Kruskal-Wallis test

The Kruskal-Wallis test is a non-parametric one-way analysis of variance by ranks (named after William Kruskal and W. Allen Wallis) for testing equality of population medians among groups (see Wikipedia for more information).

This test is missing from the tcllib math package, so here is an implementation. It can easily be taken apart to use the ranking of groups of values as a separate command, since this is needed separately from the test in other occasions. My implementation takes a list of groups where each group is a list of values. It returns a list with the H value (the test result) and the p value (i.e., the probability of a H value this large or larger).

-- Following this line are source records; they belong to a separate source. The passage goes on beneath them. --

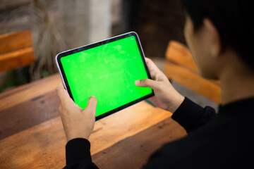 Mock up photo of a close up shot featuring a mans hand holding an iPad tablet with a green screen against the background of a wood cafe table
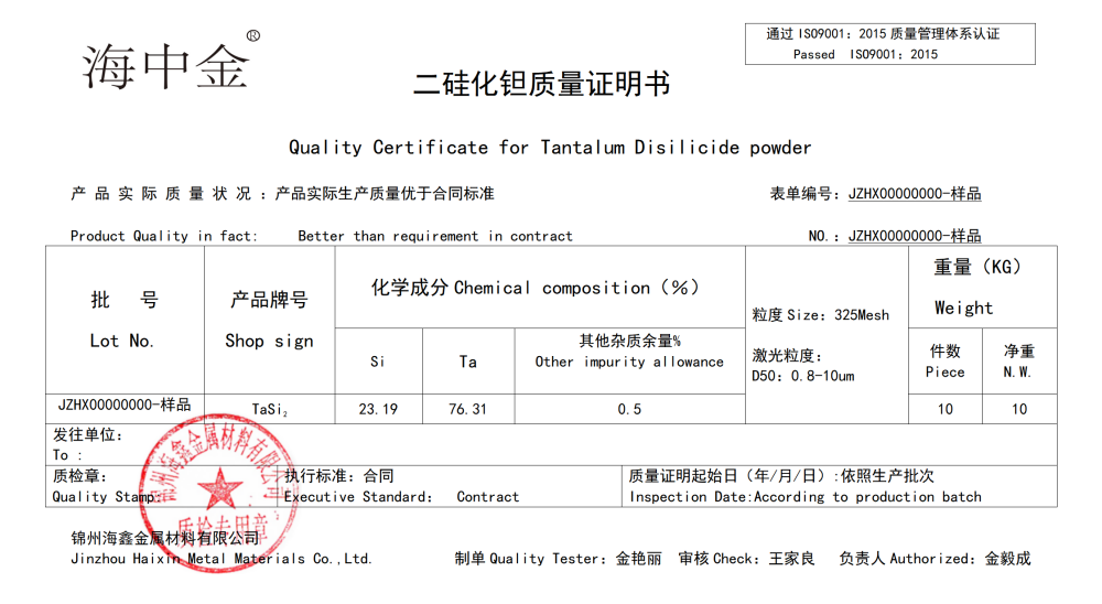2) 高溫結構部件 :由于其優(yōu)異的抗高溫氧化性和良好的兼容性,硅化鉭常用于制造高溫結構部件,如高溫抗氧化涂層和金屬陶瓷。
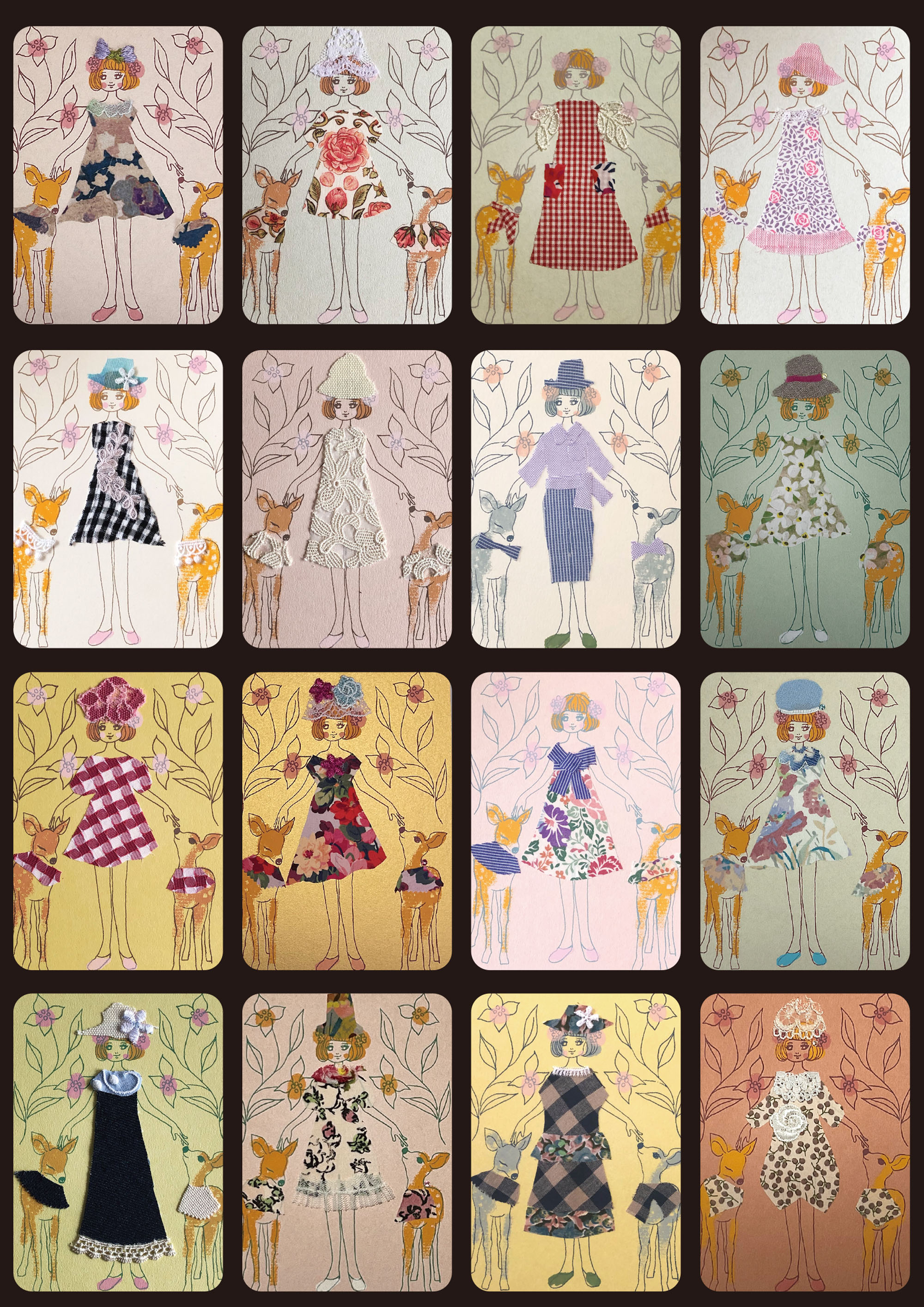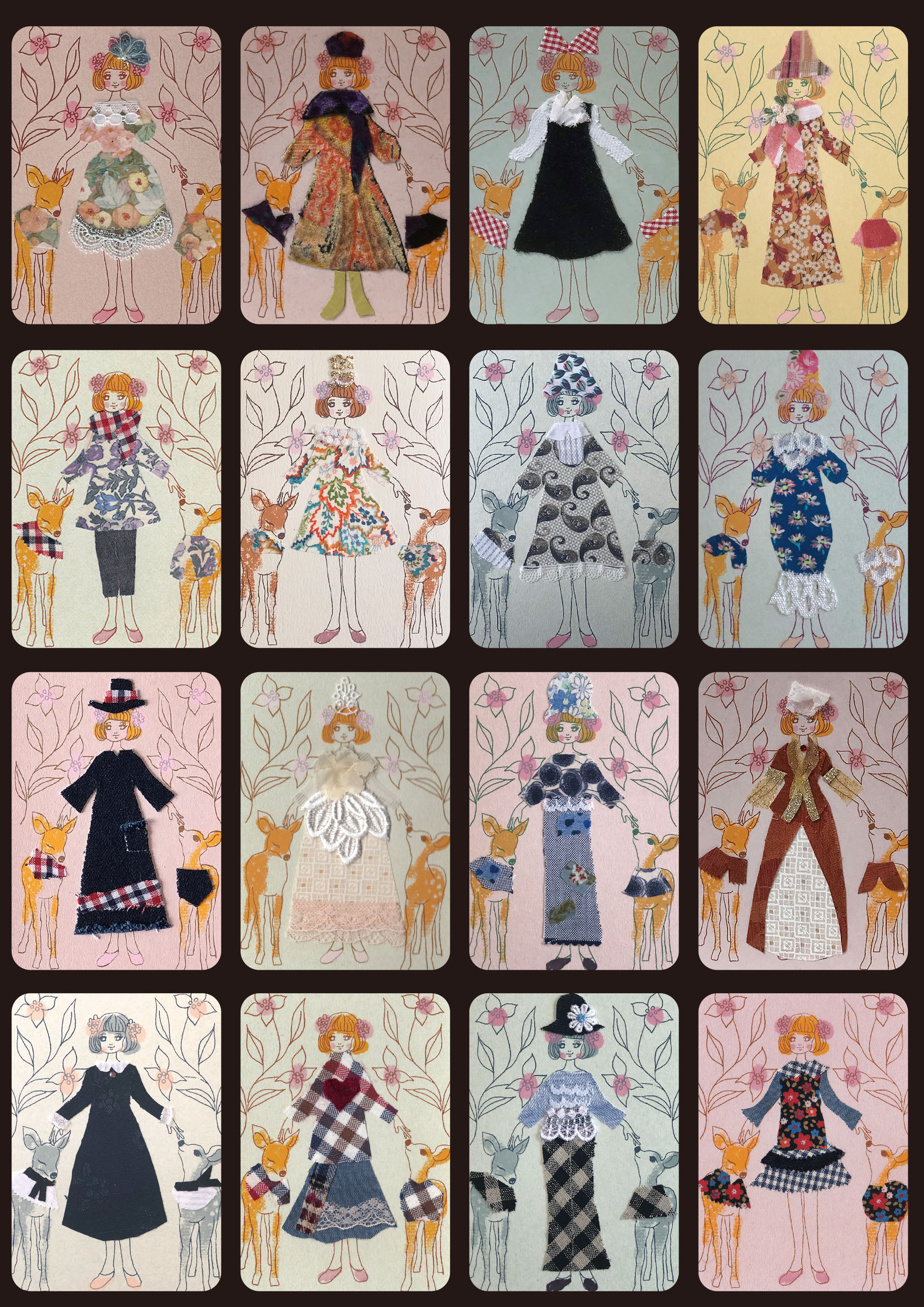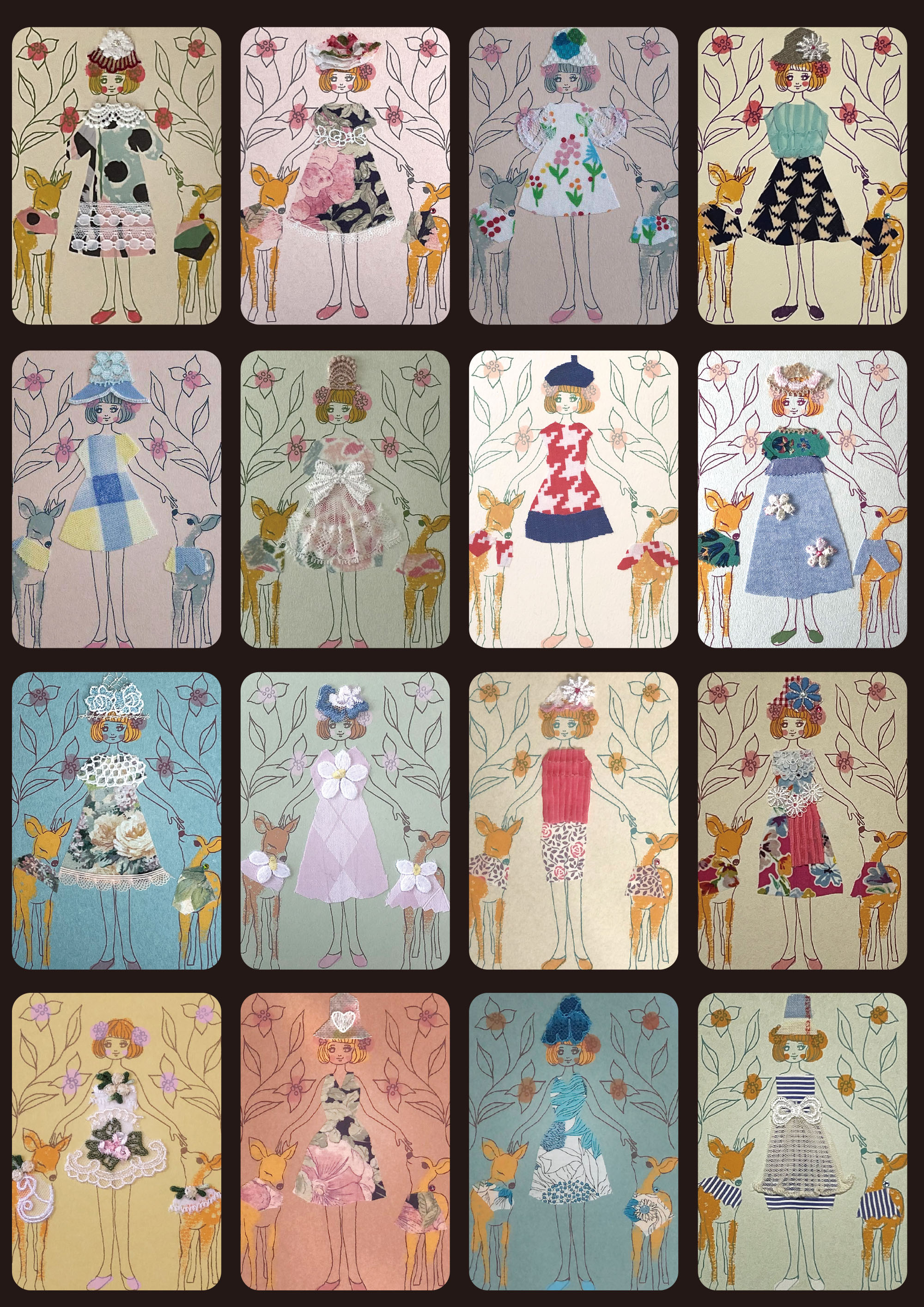 過去に制作したコラージュカードです(2019〜2023.4) Title "鹿ガール "鹿とペアルックの女の子です 紙と布とシルクスクリーン等...様々な素材のコラボ作品です Shika Girl Balloon Girl 風船を持った愛らしい女の子 Sofa My roomシリーズ
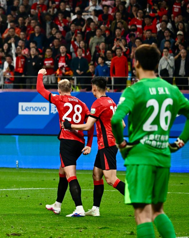 第40分钟,罗慕洛禁区前左脚远射,刘世博扑救脱手,索尔金补射破门,2比0!索罗金打入成都蓉城处子球。
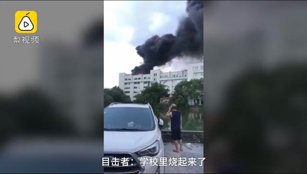 实拍温州籀园小学突发大火现场浓烟滚滚视频
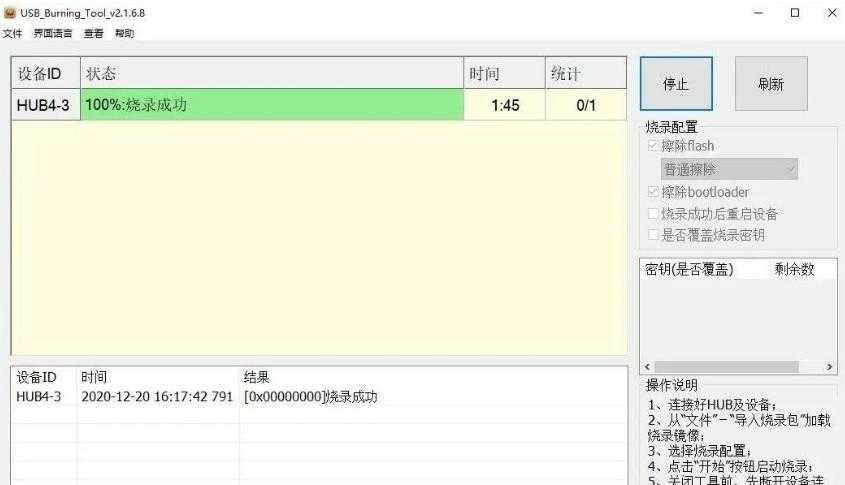 1、打开刷机工具,导入固件,导入成功后,默认烧录配置勾选,不用动,然后点击开始。
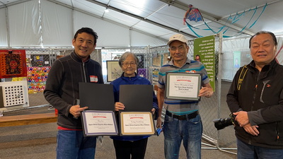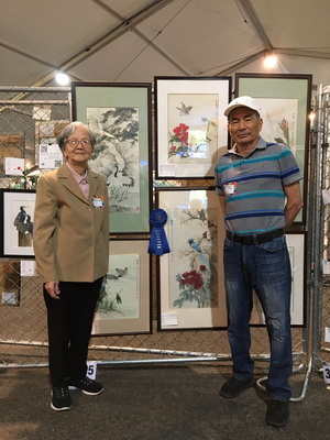 陳文仕版畫作品《雞群》獲得了本年度最高獎項「最佳作品獎」;李鐵油畫作品《夜行》獲得藍帶獎;湯桂芳工筆畫《雙壽圖》獲得藍帶獎。奧斯威戈湖市藝術節執行委員會副主席Jeanne Denton為他們頒發了獎狀及獎金。
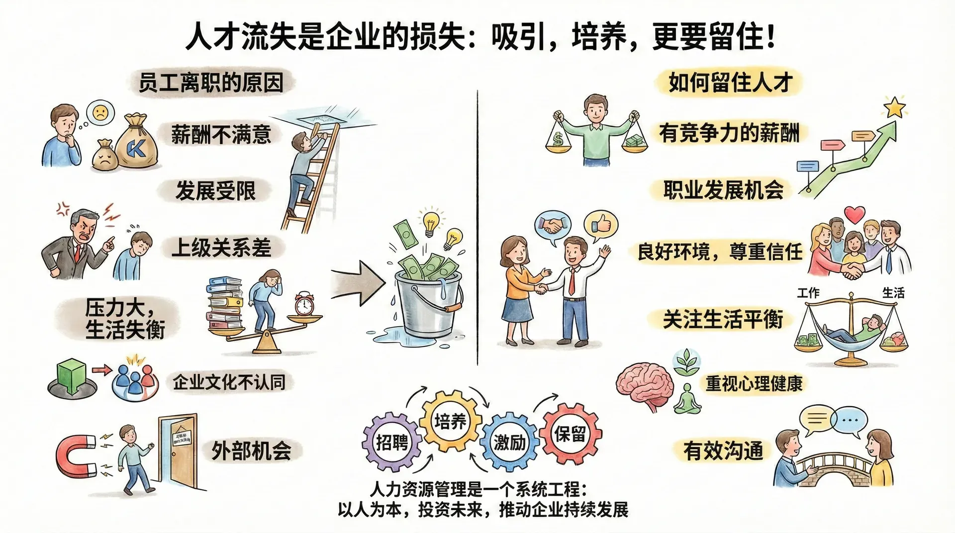 人才流失往往不是突然发生的,而是长期问题积累的结果。当优秀员工提出离职时,往往已经考虑很久,挽留的成功率很低。企业要做的是预防,而不是挽留,要在日常管理中关注员工感受,及时解决问题,避免人才流失。
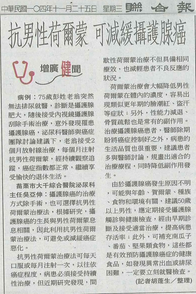 104.11.25聯合:抗男性賀爾蒙可減緩攝護腺癌
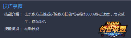 这个技能需要击杀英雄和防御塔来触发,前期对线的时候没什么用,但是如果是遇到对面ADC和辅助的情况下,可以冒险击杀后排ADC,通过击杀后带来的移速来脱离控制。还有就是gank的时候,击杀后能快速的回到自己的线,或者击杀敌方英雄后快速的去其他线路增援。
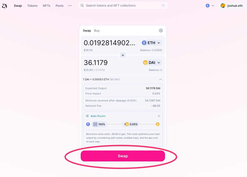 4.批准Uniswap自动路由器交换的代币,如果这是钱包第一次使用Uniswap协议交易该代币,需要先批准该代币,请在此处阅读有关批准交易的信息。
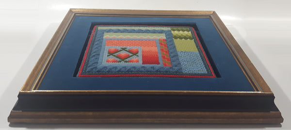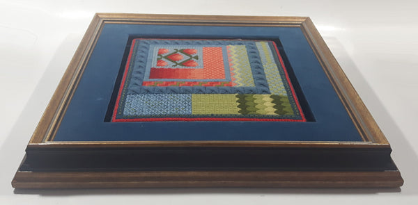 Vintage 15 1/2" x 15 1/2" Framed Cross Stitch Quilt Patterns Picture

The latter is computed using ::math::statistics::cdf-chisquare, so the tcllib math::statistics package is needed.

Here is code:

package require Tcl 8.4
package require math::statistics

proc kw-h {args} {
        set index 0
        set rankList [list]
        set setCount [llength $args]
        # read lists of values:
        foreach item $args {
                set values($index) [lindex $args $index]
                # prepare ranking with rank=0:
                foreach value $values($index) {lappend rankList [list $index $value 0]}
                incr index 1
        }
        # sort the values:
        set rankList [lsort -real -index 1 $rankList]
        # assign the ranks (disregarding ties):
        set length [llength $rankList]
        for {set i 0} {$i < $length} {incr i} {
                lset rankList $i 2 [expr {$i + 1}]
        }
        # value of the previous list element:
        set prevValue {}
        # list of indices of list elements having the same value (ties):
        set equalIndex [list]
        # test for ties and re-assign mean ranks for tied values:
        for {set i 0} {$i < $length} {incr i} {
                set value [lindex $rankList $i 1]
                if {($value != $prevValue) && ($i > 0) && ([llength $equalIndex] > 0)} {
                        # we are still missing the first tied value:
                        set j [lindex $equalIndex 0]
                        incr j -1
                        set equalIndex [linsert $equalIndex 0 $j]
                        # re-assign rank as mean rank of tied values:
                        set firstRank [lindex $rankList [lindex $equalIndex 0] 2]
                        set lastRank  [lindex $rankList [lindex $equalIndex end] 2]
                        set newRank [expr {($firstRank+$lastRank)/2.0}]
                        foreach j $equalIndex {lset rankList $j 2 $newRank}
                        # clear list of equal elements:
                        set equalIndex [list]
                } elseif {$value == $prevValue} {
                        # remember index of equal value element:
                        lappend equalIndex $i
                }
                set prevValue $value
        }
        # re-establish original sets of values, but using the ranks:
        foreach item $rankList {
                lappend rankValues([lindex $item 0]) [lindex $item 2]
        }
        # now compute H:
        set H 0
        for {set i 0} {$i < $setCount} {incr i} {
                set total [expr [join $rankValues($i) +]]
                set count [llength $rankValues($i)]
                set H [expr {$H + pow($total,2)/double($count)}]
        }
        set H [expr {$H*(12.0/($length*($length + 1))) - (3*($length + 1))}]
        incr setCount -1
        set p [expr {1 - [::math::statistics::cdf-chisquare $setCount $H]}]
        return [list $H $p]
}

Now, an example (the same as on this page: [L1 ])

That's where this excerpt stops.